QUESS

China ha lanzado con éxito esta madrugada, a las 01:40 hora local (19:40 hora peninsular española de ayer), el primer satélite de comunicación cuántica mediante un cohete Gran Marcha 2D, según ha informado Xinhua, la agencia oficial de noticias del gobierno chino. El lugar de despegue ha sido el centro de lanzamiento de satélites de Jiuquan, en el desierto de Gobi, situado al noroeste del gigante asiático.

El satélite, llamado Experimentos Cuánticos a Escala Espacial (QUESS, por sus siglas en inglés: QUantum Experiments at Space Scale), pesa poco más de 600 kilogramos y dará una vuelta a la Tierra cada 90 minutos, después de que entre en una órbita sincrónica al Sol a una altura de 500 kilómetros.

QUESS también se conoce popularmente como Mozi en honor de un filósofo y científico chino del siglo quinto a.C. —también denominado con el sobrenombre de Señor Mô— a quien se considera uno de los primeros seres humanos en realizar experimentos de óptica.

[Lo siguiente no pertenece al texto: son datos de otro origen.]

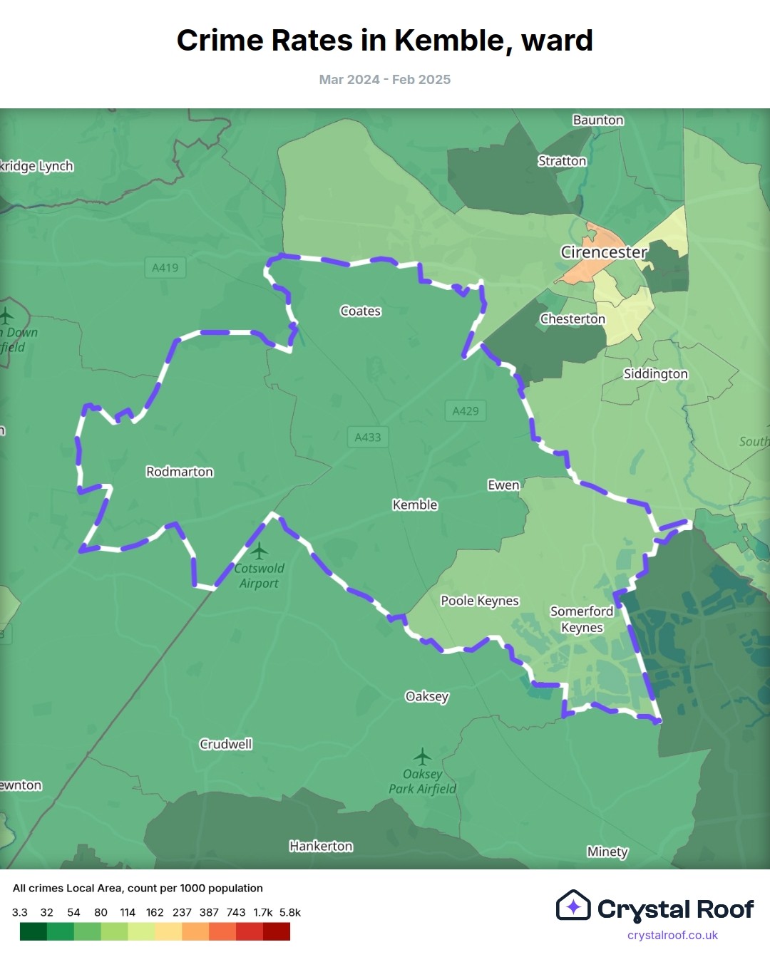 Kemble, (ward) includes areas with the following crime ratings (see map):

Durante su misión de dos años, los experimentos de la nave permitirán investigar cómo establecer comunicaciones cuánticas "a prueba de ataques cibernéticos" mediante la transmisión de claves indescifrables desde la nave hasta la Tierra. 

Otro de sus objetivos es proporcionar nuevos datos, desde un escenario privilegiado como es el espacio, de los extraños fenómenos asociados al mundo cuántico, como la superposición, el entrelazamiento, la teleportación y la llamada "acción fantasmagórica a distancia" que ejercen unas partículas sobre otras aunque estén muy alejadas (y en la que Einstein no creía).

Con la ayuda del nuevo satélite y el entrelazamiento cuántico, los científicos podrán probar la distribución de claves cuánticas super seguras entre el satélite y diversas estaciones en tierra, estableciendo comunicaciones cuánticas entre Pekín y Urumchi, en la provincia de Sinkiang.

QUESS transmitirá fotones entrelazados a dos estaciones terrestres situadas a 1.200 kilómetros de distancia una de la otra para analizar el entrelazamiento cuántico a grandes distancias, además de probar la teleportación cuántica entre la estación terrestre de Ali, en el Tíbet, y el propio satélite.